» Activity
Transcribe all records below exactly, without images.

» Dataset content
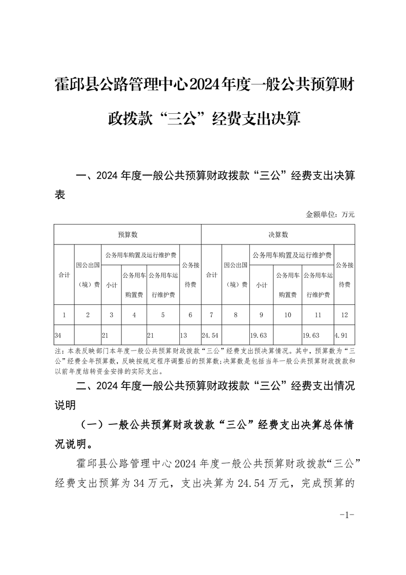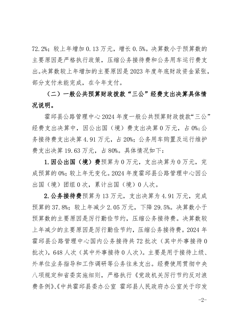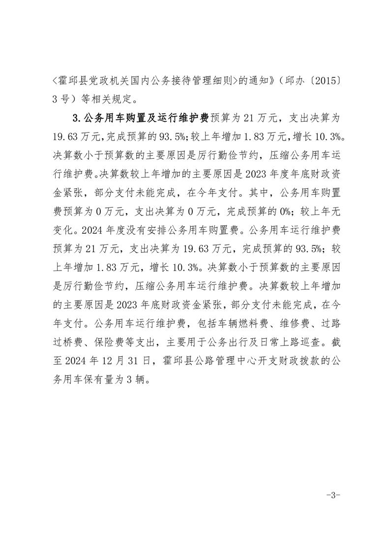 霍邱县公路管理中心2024年度一般公共预算财政拨款“三公”经费支出决算
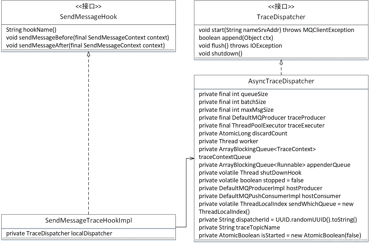 AsyncTraceDispatcher dispatcher = new AsyncTraceDispatcher(customizedTraceTopic, rpcHook);
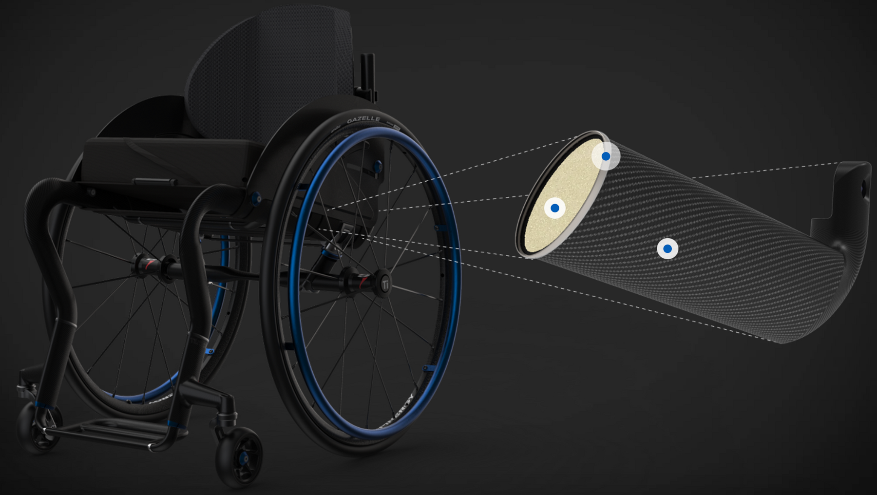 Every single detail of the TiLite CR1 carbon fiber wheelchair has been carefully designed to bring true innovation to TiLite. From specially designed caster bearings for vertical load application and weight reduction to new carbon fiber caster wheels and titanium reinforcement trim rings, this chair revolutionizes the idea of a manual wheelchair from the ground up.
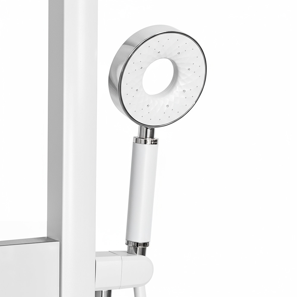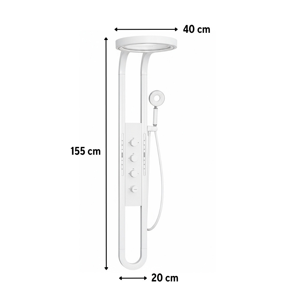 Panou de duș hidromasaj Leziter Aquajet alb, inox, cap cascadă și jeturi corp
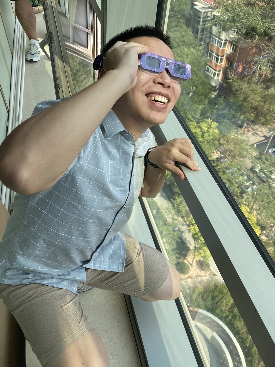 A Beijing resident observes the solar eclipse on Sunday afternoon. Photo: Deng Xiaoci/GT
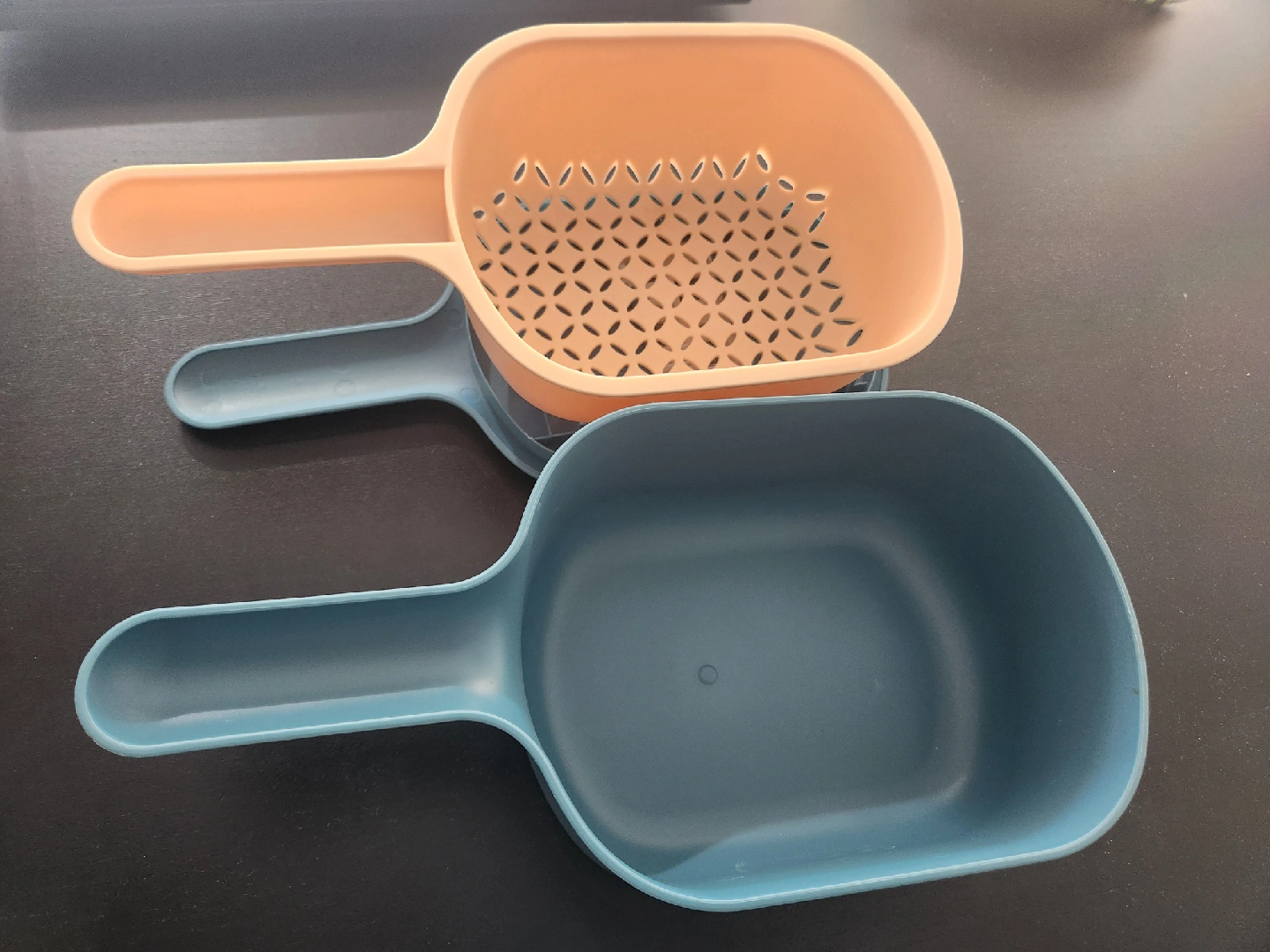 I'm selling a kitchen vegetable slicer set. It includes a slicer and two different scoops. These are great for quickly prepping veggies for meals
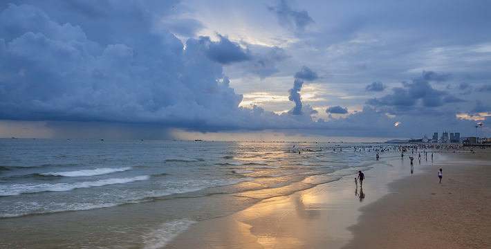 在市中心出发,从广东路直行至三岔路口,左转进入银滩大道。直行至第一个红绿灯,右转进入南珠大道。直行至海边,左转进入海景大道,直行至尽头可到达景区。
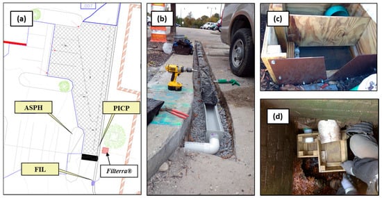 From left to right: (a) monitoring scheme for PICP-FIL system; (b) slot drain to measure runoff from parking lot (ASPH); (c) PICP underdrain measured with 30° sharp-crested v-notch weir (PICP); (d) catch basin where effluent from the Filterra® device was measured (FIL).
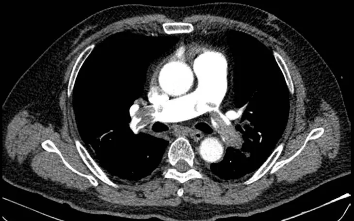 Hình ảnh chụp CT mạch máu phổi cho thấy huyết khối lớn bít tắc động mạch phổi hai bên. Ảnh: BVCC

» Solution for this problem
 霍邱县公路管理中心2024年度一般公共预算财政拨款“三公”经费支出决算
 AsyncTraceDispatcher dispatcher = new AsyncTraceDispatcher(customizedTraceTopic, rpcHook);
 Every single detail of the TiLite CR1 carbon fiber wheelchair has been carefully designed to bring true innovation to TiLite. From specially designed caster bearings for vertical load application and weight reduction to new carbon fiber caster wheels and titanium reinforcement trim rings, this chair revolutionizes the idea of a manual wheelchair from the ground up.
 Panou de duș hidromasaj Leziter Aquajet alb, inox, cap cascadă și jeturi corp
 A Beijing resident observes the solar eclipse on Sunday afternoon. Photo: Deng Xiaoci/GT
 I'm selling a kitchen vegetable slicer set. It includes a slicer and two different scoops. These are great for quickly prepping veggies for meals
 在市中心出发,从广东路直行至三岔路口,左转进入银滩大道。直行至第一个红绿灯,右转进入南珠大道。直行至海边,左转进入海景大道,直行至尽头可到达景区。
 From left to right: (a) monitoring scheme for PICP-FIL system; (b) slot drain to measure runoff from parking lot (ASPH); (c) PICP underdrain measured with 30° sharp-crested v-notch weir (PICP); (d) catch basin where effluent from the Filterra® device was measured (FIL).
 Hình ảnh chụp CT mạch máu phổi cho thấy huyết khối lớn bít tắc động mạch phổi hai bên. Ảnh: BVCC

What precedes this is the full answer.